I’ve written the mechanics in such a way that each step of each refactoring is as small as possible. I emphasize the safe way of doing the refactoring, which is to take small steps and test after every one. At work I usually take larger steps than some of the baby steps described, but if I run into a bug, I back out the step and take the smaller steps. The steps include a number of references to special cases. The steps thus also function as a checklist; I often forget these things myself.

The examples are of the laughably simple textbook kind. My aim with the example is to help explain the basic refactoring with minimal distractions, so I hope you’ll forgive the simplicity. (They are certainly not examples of good business object design.) I’m sure you’ll be able to apply them to your rather more complex situations. Some simple refactorings don’t have examples because I didn’t think an example would add much.

In particular, remember that the examples are included only to illustrate the one refactoring under discussion. In most cases, there are still problems with the code at the end, but fixing these problems requires other refactorings. In a few cases in which refactorings often go together, I carry examples from one refactoring to another. In most cases I leave the code as it is after the single refactoring. I do this to make each refactoring self-contained, because the primary role of the catalog is as a reference.

Don’t take any of these examples as suggestions for how to design employee or order objects. These examples are there only to illustrate the refactorings, nothing more.

I use boldface code to highlight changed code where it is buried among code that has not been changed and may be difficult to spot. I do not use boldface type for all changed code, because too much defeats the purpose.

Finding References

Many of the refactorings call for you to find all references to a method, an instance variable, or a class.
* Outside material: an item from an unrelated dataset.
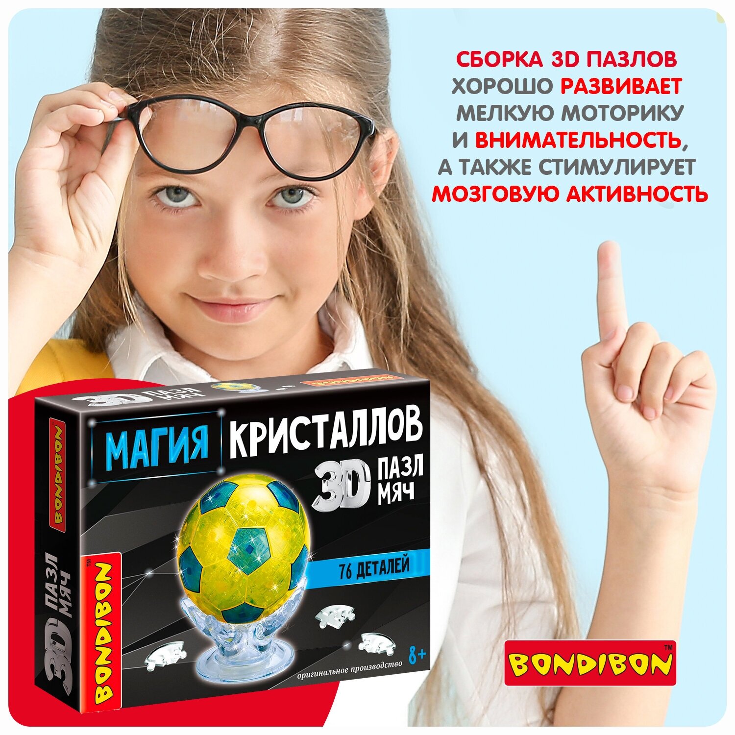 Пазл 3D "Футбольный мяч" с подсветкой из серии Магия кристаллов Bondibon - это необычный набор с полупрозрачными деталями, с помощью которых можно создать фигуру в виде кристалла. Процесс сборки отлично развивает логику, пространственное мышление, внимание и мелкую моторику. Собирать можно как самостоятельно, так и всей семьей - так будет даже интереснее! Разложите детали в порядке, который указан в инструкции и начинайте скреплять их - Вам не понадобятся ни ножницы, ни клей.

When you do this, enlist the computer to help you. By using the computer you reduce your chances of missing a reference and can usually do the search much more quickly than you would if you were simply to eyeball the code.

Most languages treat computer programs as text files. Your best help here is a suitable text search. Many programming environments allow you to text search a single file or a group of files. The access control of the feature you are looking for will tell you the range of files you need to look for.

Don’t just search and replace blindly. Inspect each reference to ensure it really refers to the thing you are replacing. You can be clever with your search pattern, but I always check mentally to ensure I am making the right replacement. If you can use the same method name on different classes or methods of different signatures on the same class, there are too many chances you will get it wrong.